Senior Research Associate and study co-author Dr Phil Carter from the University of Bristol’s School of Physics explained the idea. “We have strong evidence for highly energetic collisions between planetary bodies in our solar system, such as the existence of Earth’s Moon, and good evidence from a small number of exoplanets,” he said. “We know that there is a huge diversity of planets in exoplanetary systems; many have no analog in our solar system but often have masses and compositions between that of the rocky planets and Neptune/Uranus (the ice giants).”
Our own solar system provides a good model for the formation of exoplanet systems. Some 4.5 billion years ago, the proto-Sun began coalescing in a cloud of gas and dust. That nebula was rich with heavier elements useful for planetary formation. Smaller particles—planetesimals—slammed together in the resulting protoplanetary disk to make larger and larger bodies. The result was four small rocky bodies plus four gas- and ice-rich giant worlds. In addition, the solar system has dwarf planets, comets, asteroids, and moons.

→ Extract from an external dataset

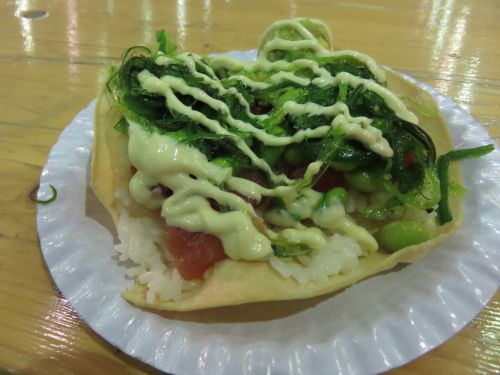 会場が暗かったのと筆者の未熟な撮影技術のせいでおいしそうに見えないと思いますが、これはこれで軽食として「あり」な味だと思いました。チップスの塩気と、ねたが上手にマッチしていました。ただ、「すし」なのかと聞かれると、日本人としては複雑な気分でしたが。

Bombardment of these infant worlds continued, scarring some with craters (like Mercury), and flipping at least one (Uranus) on its side. Planetary scientists look to that formation history to understand how similar processes played out around other stars. Spacecraft such as the Kepler and TESS missions discovered more than 5,000 candidate worlds. Astronomers suspect the galaxy teems with millions of planets. Most systems appear to have similar collections of exoplanets to ours, although not always in the sizes and masses that match our own.
Collisions remain an important part of how this exoplanet and other worlds formed. “Our contribution to the study [of TOI-1853b] was to model extreme giant impacts that could potentially remove the lighter atmosphere and water/ice from the original larger planet in order to produce the extreme density measured,” said Carter. If those happen frequently, that opens up new avenues of study for planetary formation specialists.
To understand its formation history, a science team led by essentially modeled extreme giant impacts that could strip away atmospheric elements. They found that the proto-Neptune would have once been a very wet exoplanet. In order to lose all that material, an impactor had to slam into it at a speed of more than 75 meters per second. Given those conditions, they could model a planet very similar to TOI-1853b. According to team member Zoë Leinhardt, the type of planetary impact that created this exoplanet wasn’t something they’d thought about. “We had not previously investigated such extreme giant impacts as they are not something we had expected. There is much work to be done to improve the material models that underlie our simulations, and to extend the range of extreme giant impacts modeled,” she said.
The next step is to do follow-up observations of the planet. It’s important to find out what’s left of its atmosphere and the composition of its gases. With a “real-world” example of what the planetary scientists modeled, it seems likely others could exist. TOI-1853b provides new evidence for the prevalence of giant impacts in the formation of planets throughout the galaxy. This discovery helps to connect theories for planet formation based on the solar system to the formation of exoplanets.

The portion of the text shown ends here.